Sciatica

Sciatica Specialist

Sciatica affects 40% of American adults at some point in their lives. At Texas Neuro Spine, Sebastian Villarreal, MD, and George Galvan, MD, know how serious this type of nerve pain is and how severely it can disrupt your life. At their three office locations in San Antonio and one in Kerrville, Texas, they prescribe and deliver the world’s most advanced cutting-edge solutions to end sciatica pain and frustration. Call the office nearest you or book an appointment using online scheduling today.

Sciatica Q & A

What is sciatica?

Sciatica is a type of pain that starts in your hip and lower back area, then radiates down your leg as far as the knee. The affected nerve, your sciatic nerve, delivers impulses to your legs and feet.

The sciatic nerve has left and right branches, which go down each leg. Usually, sciatica pain affects one branch, so it’s typically on your left or right side only.

Sciatica can vary in severity, from minor soreness to a very sharp, stabbing, or burning kind of pain. Symptoms often occur sporadically and may suddenly hit when you make involuntary movements like coughing.

What causes sciatica?

Any spinal nerve damage or pressure can cause sciatic nerve pain. The most common causes include disc herniation, bony protrusions in the spine (bone spurs), and spinal narrowing (lumbar spinal stenosis).
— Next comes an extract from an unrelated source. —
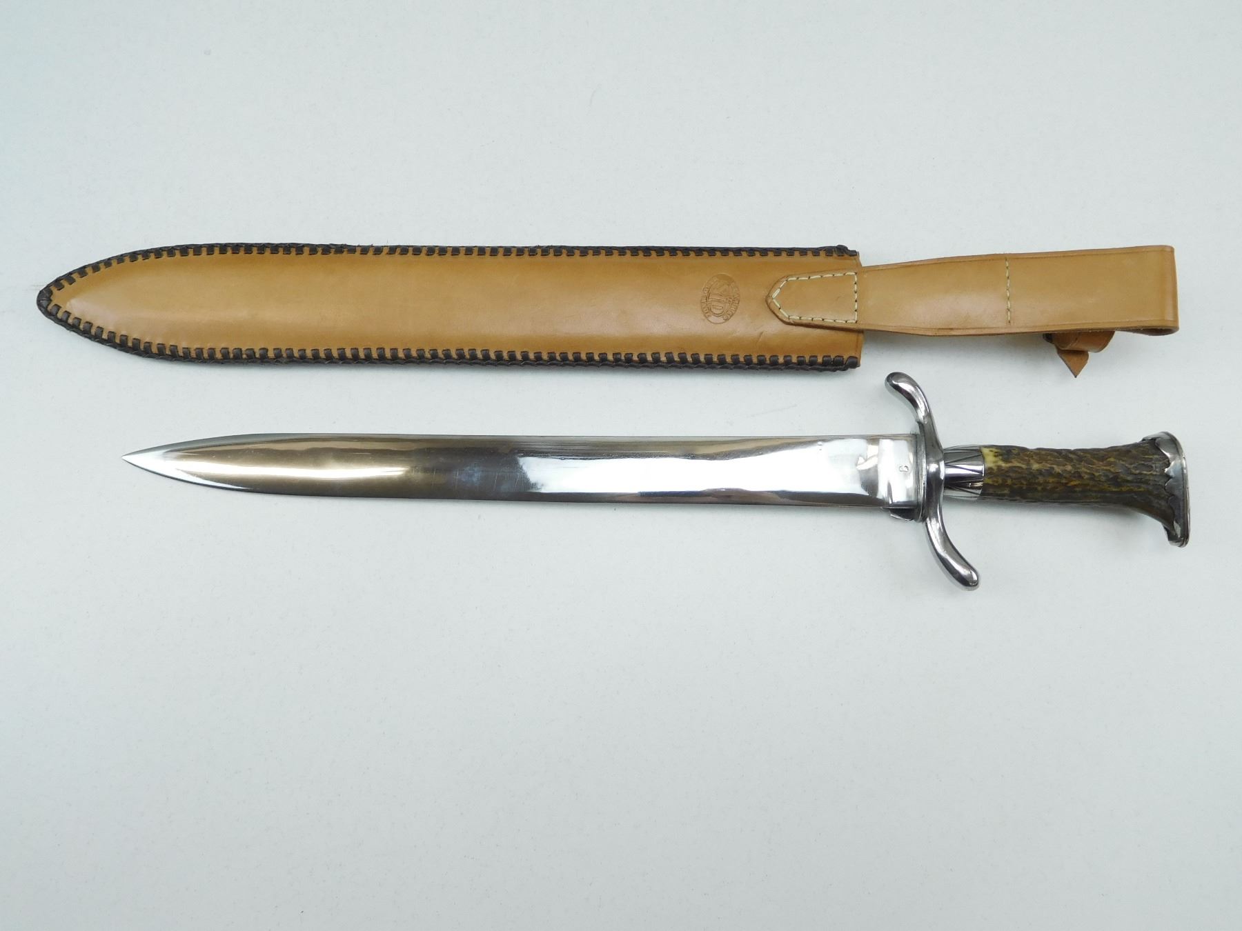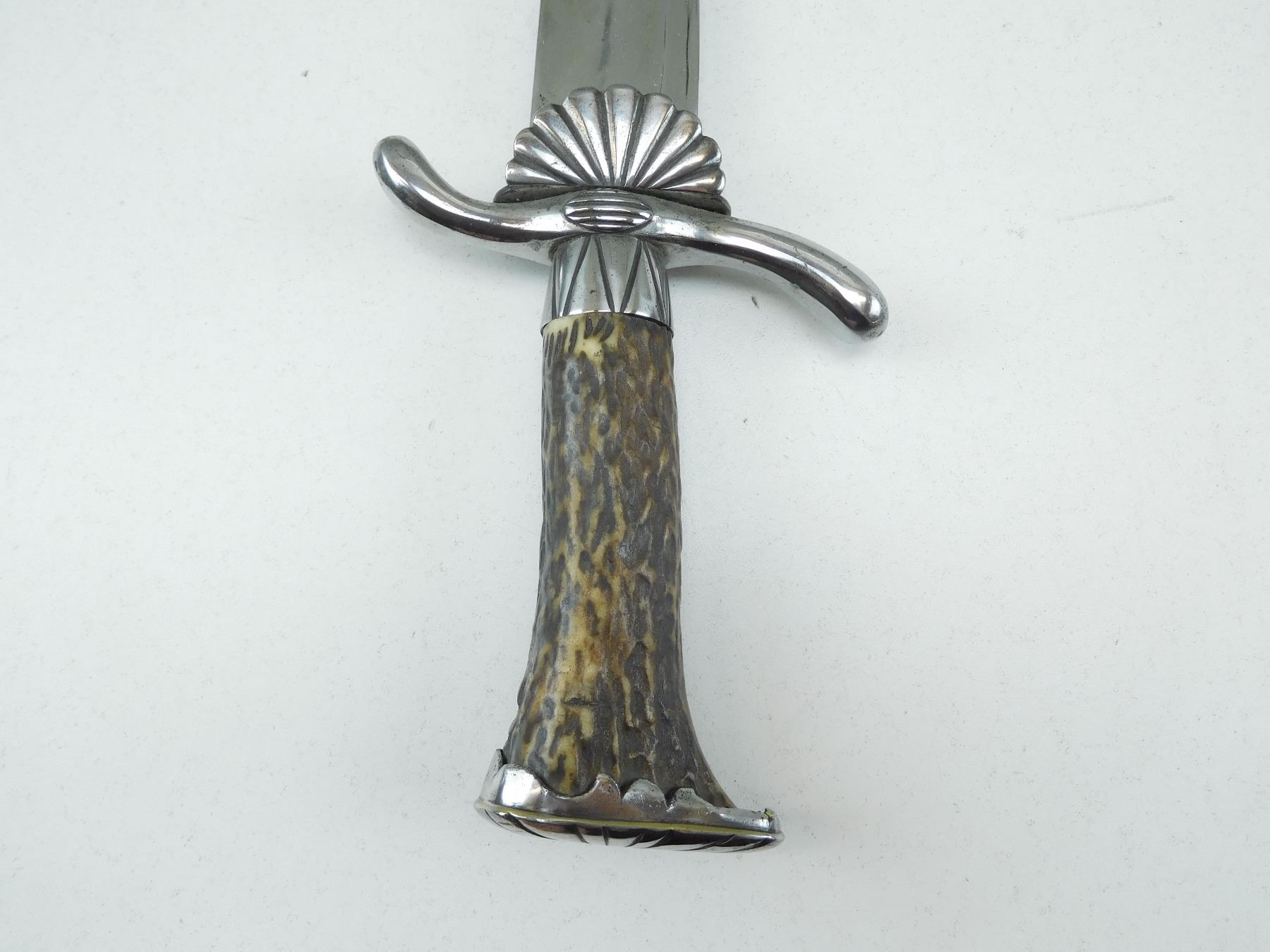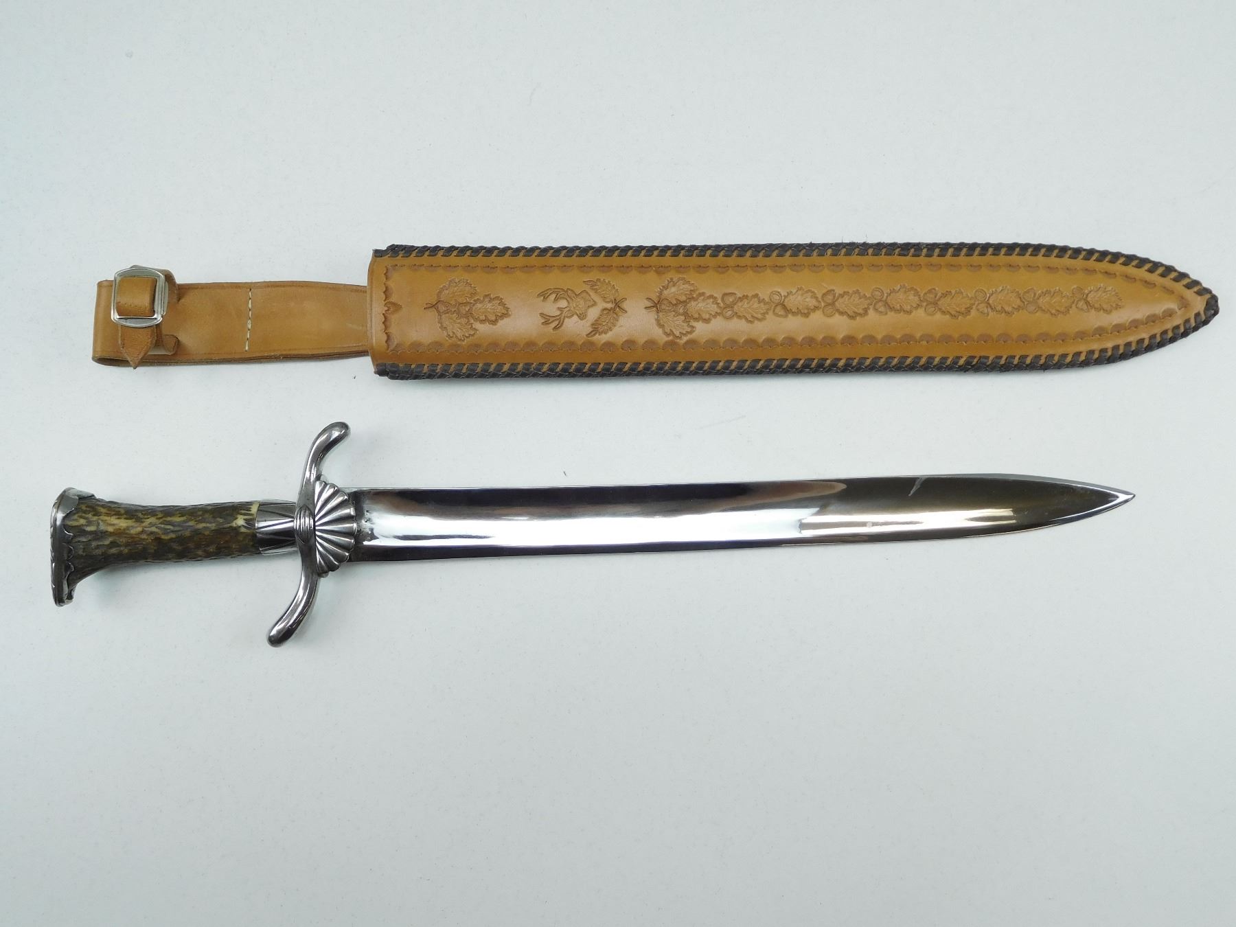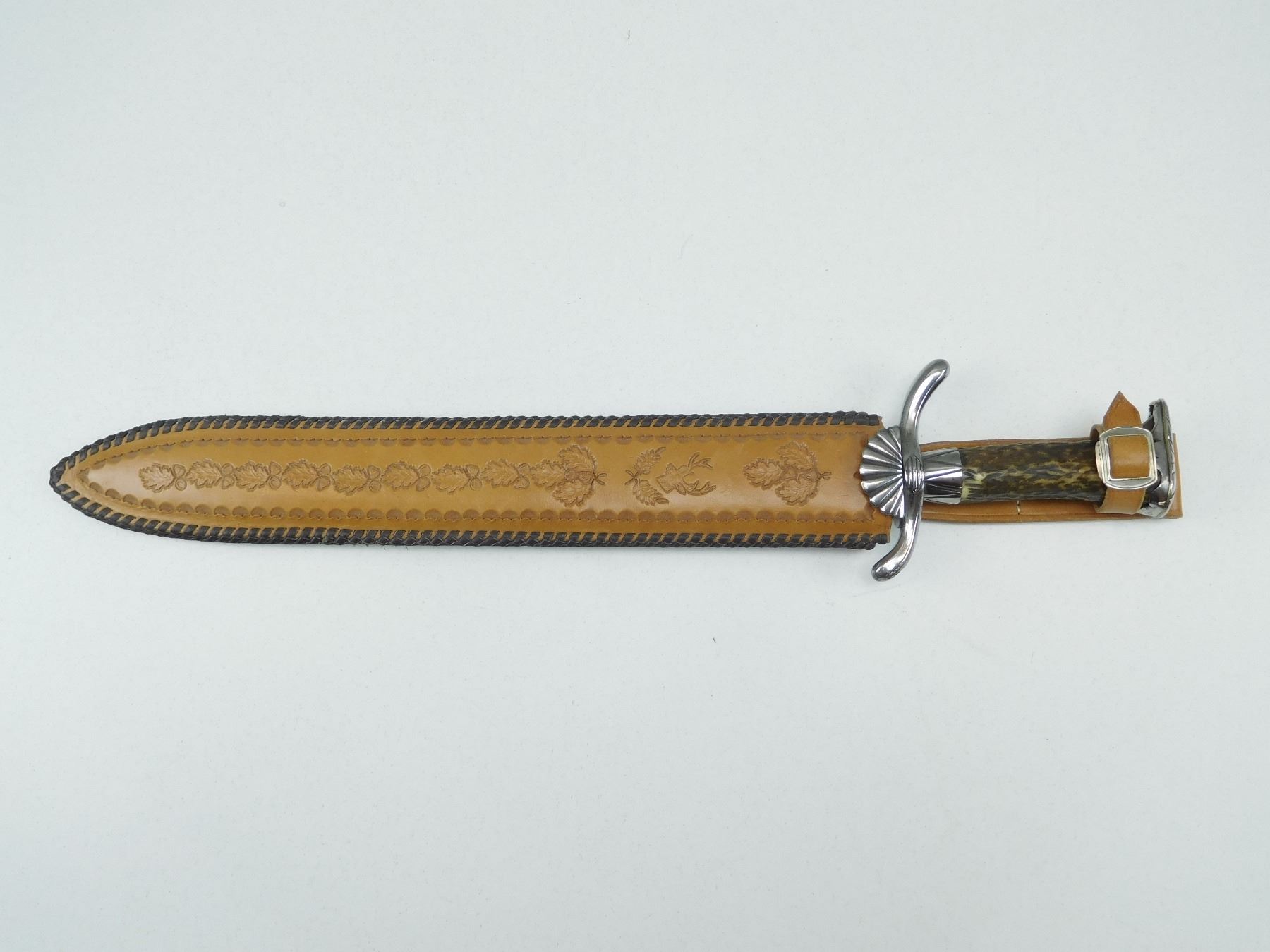 SINGLE SIDE BLADE WITH SHELL SHAPED GUARD & ANTLER GRIP, DECORATIVE HUNTING LEATHER SCABBARD MARKED LEATHER SID HAND MADE

Less commonly, infections and tumors can lead to sciatica.

Some factors can contribute to sciatica, such as obesity, poor physical condition (lack of strong core muscles), poor posture, and body changes during pregnancy.

Certain conditions can cause pain that’s similar to sciatic nerve pain. For example, sacroiliac joint dysfunction may cause radiating sciatica-like pain. But, it’s a completely different issue because it involves a joint rather than a nerve.

Texas Neuro Spine identifies the cause of your sciatica pain to recommend the most effective long-term pain relief treatment for you.

How do you treat sciatica?

Sciatica treatment usually includes conservative care to start, such as:

  • Anti-inflammatory medication
  • Heat and ice application
  • Physical therapy
  • Corticosteroid and anesthetic injections

If conservative care fails, a spinal cord stimulator, which masks pain impulses, or an intrathecal pain pump, which delivers medication directly at the site of the sciatica pain, may help.

If you have severe nerve damage symptoms like loss of bladder control or pronounced leg weakness, minimally invasive spine surgery may be the best solution.

Surgical procedures for severe sciatica include:

Microdiscectomy

Microdiscectomy is often effective for sciatica pain related to lumbar disc herniation. In this procedure, your surgeon removes the part of the disc, usually a fragment, that’s pressing on the sciatic nerve.

Laminectomy

Laminectomy can be an effective procedure for sciatica related to lumbar spinal stenosis. In this procedure, your surgeon removes the lamina, the top of the spinal canal, to make more space for your nerves. This relieves the pressure causing your sciatica.

The surgeons at Texas Neuro Spine can also perform minimally invasive procedures to remove bony growths, ligament overgrowth, or other issues that led to your sciatica to finally end your symptoms.